Things have been a little tough for me lately. I don’t really know why. Maybe it is post marathon depression or just the fact I haven’t been able to run. Either way, I feel as if I am slowly falling into a hole that is slowly getting deeper. I could climb out if I want, but I am beginning not to want to, and that is a problem.
Okay, that is more about me then I wanted to share.
Yesterday I took matters into my own hands, feet, legs, etc. After messing up on the time for church and getting there 45 minutes early, I went to get gas and coffee while I waited. I filled my tank and it overflowed. Nice. Now I get to go to church smelling like gas. I went to the store where I got the gas to wash my hands, but it was closed. So I went out to find another convenience store. In that store I got a bottled iced coffee and as I went to throw away the plastic that was over the lid, I poured half the coffee on the floor. Hmmm. Not going to be a good day.
I finally made it to church and then headed home. By this time I was done. Over my limit. I didn’t care about my hip, my achilles, my heel spur! I was going to run.

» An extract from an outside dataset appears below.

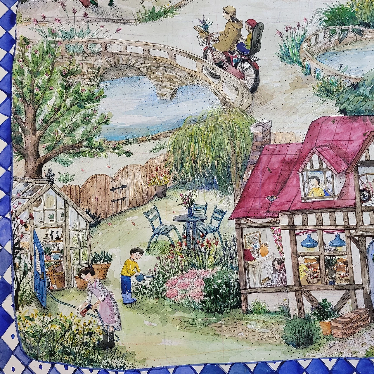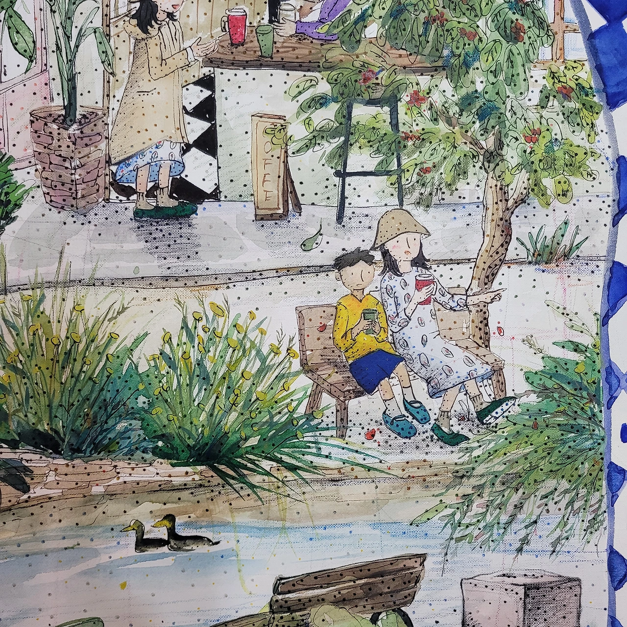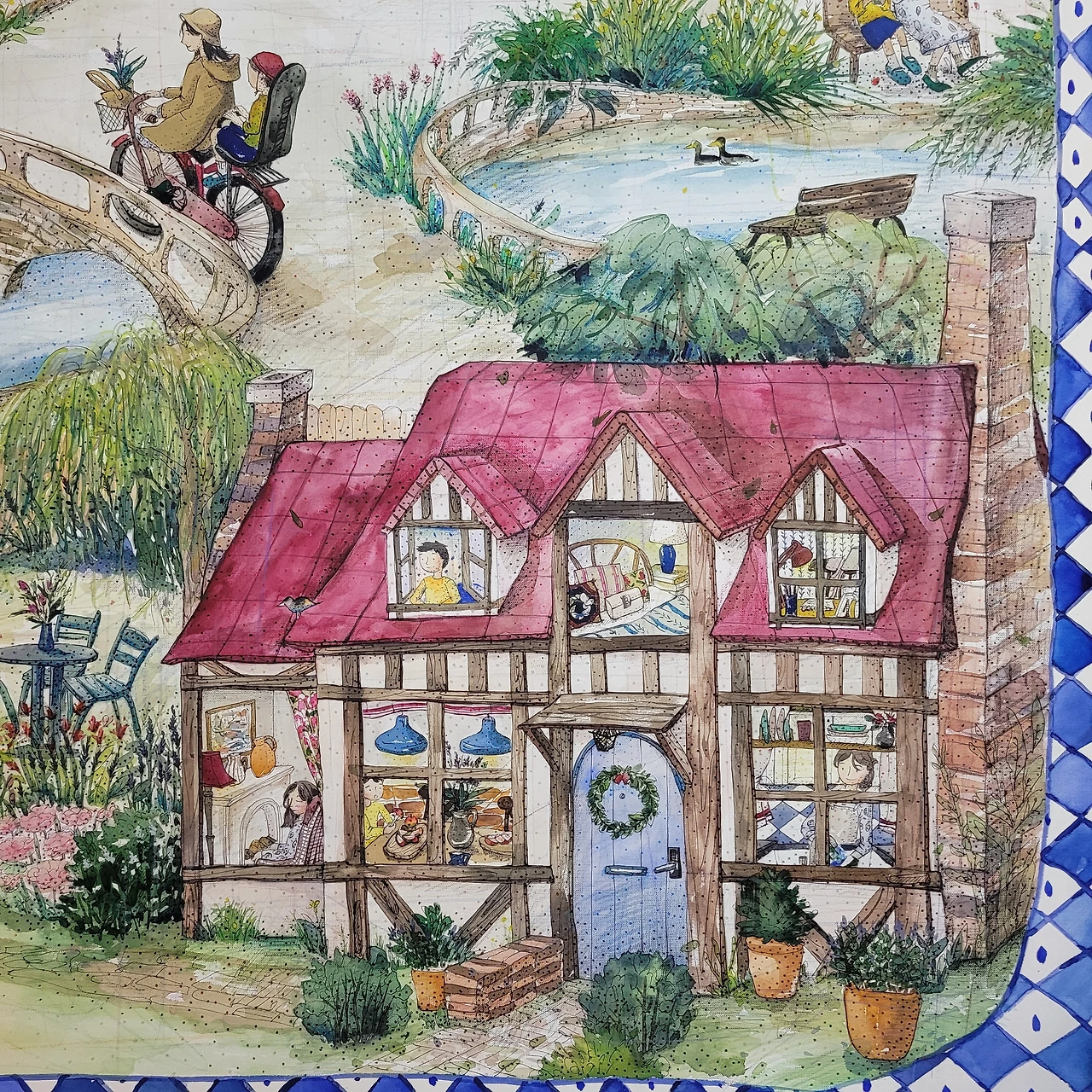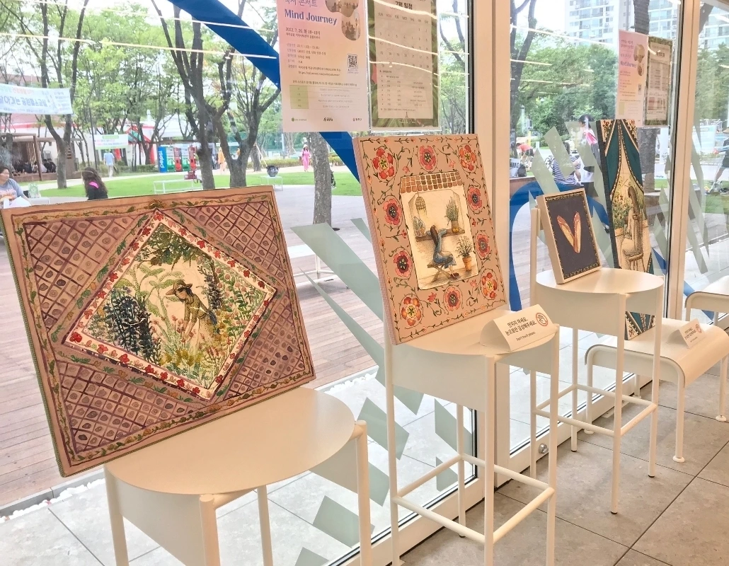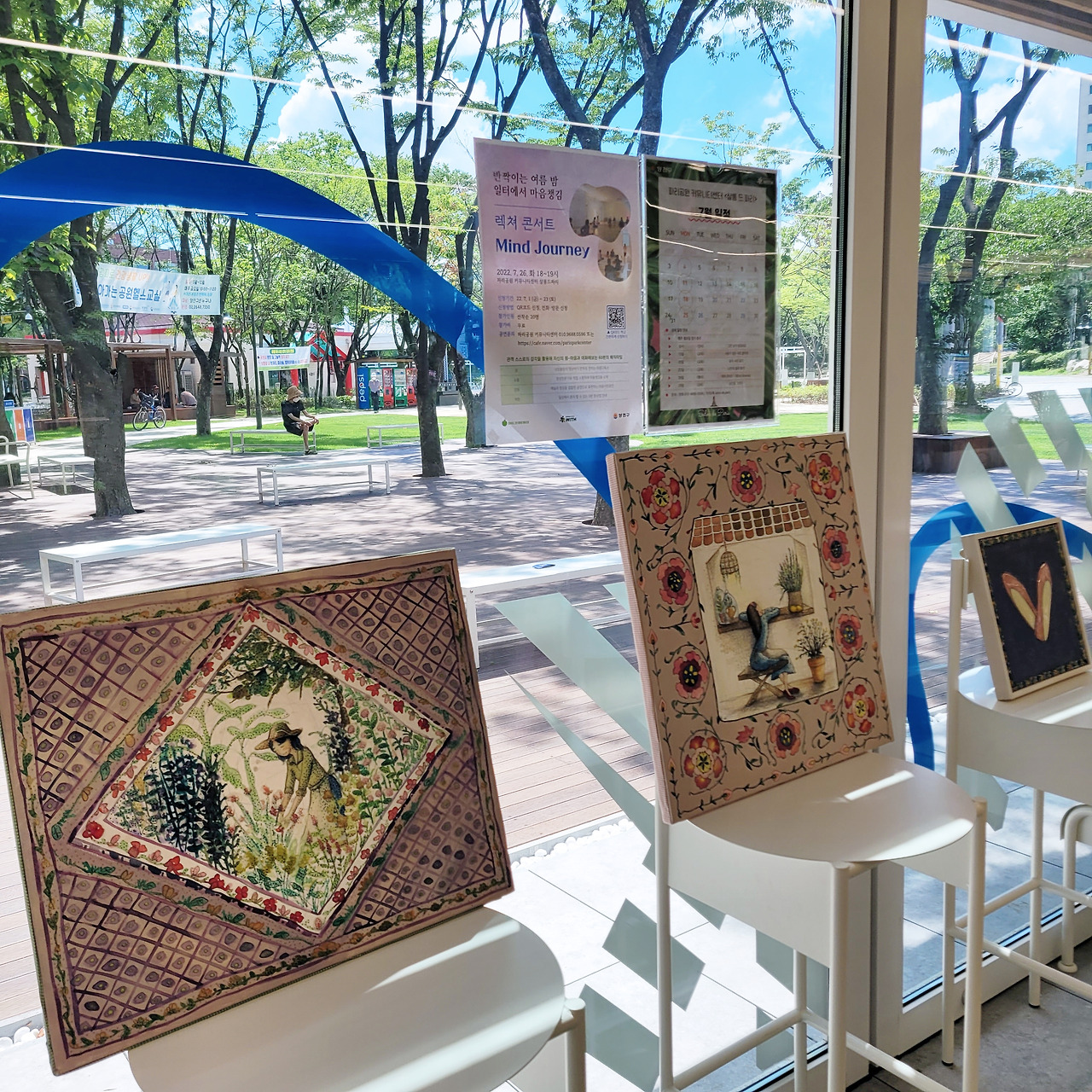 부담 없는 전시를 하고자 했지만, 전시 막바지에는 집에도 못 들어가고 작업실에서 욕심을 내어 마무리할 작업을 했다. 그렇게 완성한 작품이 '아무 일도 일어나지 않은 너와 나의 평온한 하루, 종이에 혼합재료, 135 ×135cm, 2022' 이번 전시에서 가장 큰 사이즈의 작품이다. 곳곳에 내가 생각하는 일상의 평온함과 행복을 담았다.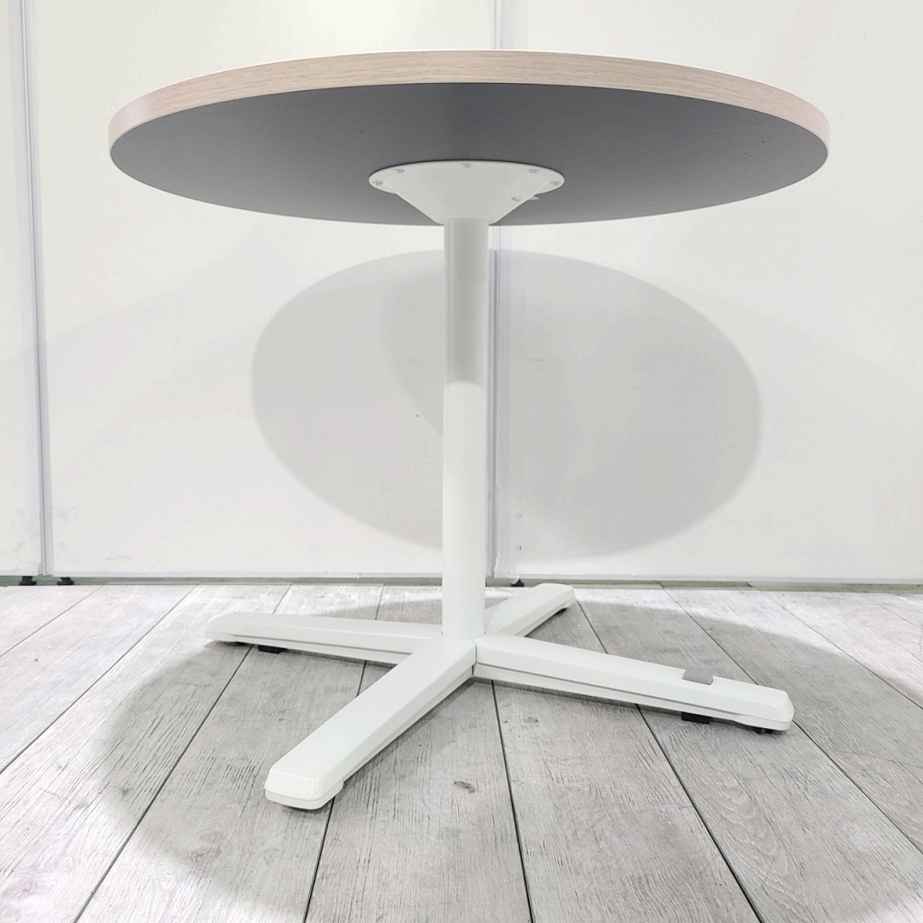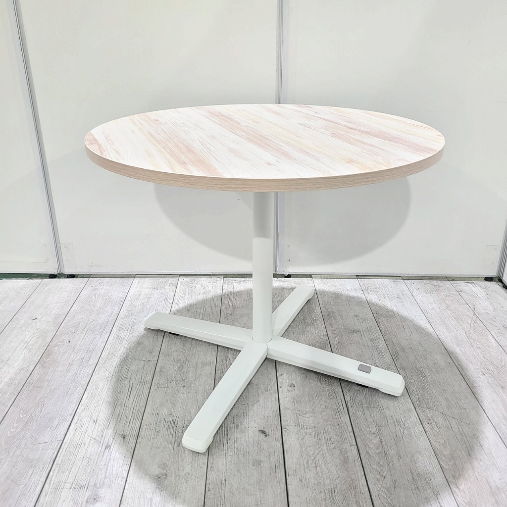 【トレンド】片付けがしやすいキャスター付きの丸テーブル ミーティングテーブル ビンテージエルム ネオホワイト 900Φ- 東大阪店

I got into my running clothes and went out the door. I think it was the best run I’ve had in a very long time. I didn’t push it. I just ran. I ran my 3 mile route and still felt good so decided to head onto another 2 mile section. Frankly I felt like I could have gone further, but decided to end at my house which actually got me to 4.7 miles. All in all it was just pleasant. The weather was nice, it was quite and I could just be alone with no one needing me for anything.
Did I say it was my birthday? I got a Pebble watch. Pretty cool as it gives notifications from my iPhone directly on the watch. No more having to pull my phone out of my pocket each time there is a bleep. Also it shows my running stats from my phone during my run, so I could just look down and see how I was doing rather than having to turn on my iPhone.
Life goes on. Nothing changes. I am thankful I could run yesterday. I hope I’ll run again today.
Maybe that hole isn’t as big as I thought.
Happy belated birthday! I hope you’re not feeling the effects of the run today… 🙂
Thank you. I actually feel pretty good today. Not hurting much at all. 🙂
Glad you got that awesome run in to kick off your birthday! Enjoy the day!
Thank you. It was the best run I’ve had in quite some time!
Happy birthday. Glad the run changed things around for you
Thanks! It was very needed!!!
Happy late birthday!! Glad you got fed up enough to go out and “run it out.” Perhaps that was just what you needed?? Hoping today is a better day for you – get that run in before we get pummeled by the “arctic blast.” 😉
Thank you. I think I may be on the mend. I’ll try a short run today before the sub-freezing cold coming in tonight. Being a former Northerner, I love the cold weather!!!
Happy Birthday 🙂
Thank you!!!!!!!! 🙂
That is so great!!! And I have never heard of a Pebble watch but it sounds awesome, so I will be checking it out. I’m so happy for you!
Thank you! I am really beginning to like the watch. It is very handy to not have to look at my phone all the time. I only wish it were a bit thinner.
Happy Birthday! 🙂 When I couldn’t run or had to be okay with only three short runs a week I got extremely unmotivated. Life just didn’t feel as meaningful. Glad you had a good run yesterday. When you can’t run try to set yourself some other short term goals just to keep you going. It worked for me and in a few weeks I’ll be adding speed to my training!
It is hard, isn’t it. I guess not running is also part of the discipline of running in a strange way. Walking really helped keep me in the habit of getting outside. Thanks for the birthday wishes!
Happy Be-lated Birthday!! I am grateful running is going better for you, that hole you are talking about? Is just a challenge to be overcome, going from hardcore training to not being able to train like you want is frustrating, discouraging, disheartening and you have every right to be sad about it. It plain f-ing sucks. But there is a lesson in it all and you will be stronger and wiser for it! I have been there and I know for certain you will make a strong comeback! 🙂
Thank you very much. And thank you for the belated birthday wishes. This past year has really been an amazing year looking back. A lot of ups and a lot of downs. Sometimes it is hard to see the ups through the downs. But I’m inspired by other bloggers, especially you! My Lovely Wife was just talking to my daughter about something you wrote in a blog post about a difficult teacher when you were younger and how you saw the good in the situation. Thank you for helping us by talking about your struggles!!!